Non-financial obligations:

  • Anthropic must promptly and permanently delete all pirated files downloaded from LibGen and PiLiMi, as well as their internal copies,
  • the settlement applies only to past conduct – up to a specified date in 2025 – and does not constitute a license for future model training on those works,
  • the settlement does not cover potential claims related to AI model outputs, i.e., situations in which AI generates text similar to the original work,
  • the settlement applies only to works within the defined class; authors of other works retain the right to bring their own actions.

The class consists of copyright holders (legal and beneficial owners) of works that:

  • were downloaded from LibGen or PiLiMi,
  • were timely registered in accordance with U.S. rules,
  • fall within the period and conditions defined by the settlement.

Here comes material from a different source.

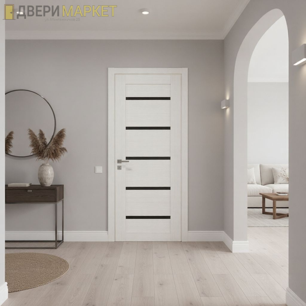 Межкомнатная дверь Vida-1 с покрытием из экошпона (Эшвайт/черное стекло) – это стильное и практичное решение для вашего дома. Она изготовлена из качественных материалов и обеспечивает хорошую звукоизоляцию, что делает ее идеальным выбором для любого помещения.

The payout process is structured around deadlines for:

  • opting out of the class for those who do not want to be bound by the settlement,
  • filing claims for payment,
  • the final fairness hearing, after which payment follows if the court approves the settlement.

In practice, the settlement established an informal standard: the approximate value of compensation per work in such circumstances becomes about 3,000 dollars per book. Although this amount is not binding on other courts, it becomes a strong reference point for future negotiations between authors, publishers, and AI companies.

For the AI industry, the message is clear: systematic use of pirated sources can lead to multi‑billion‑dollar liabilities. For authors and publishers, the message is equally clear: an organized class action can lead to real and meaningful per‑work compensation.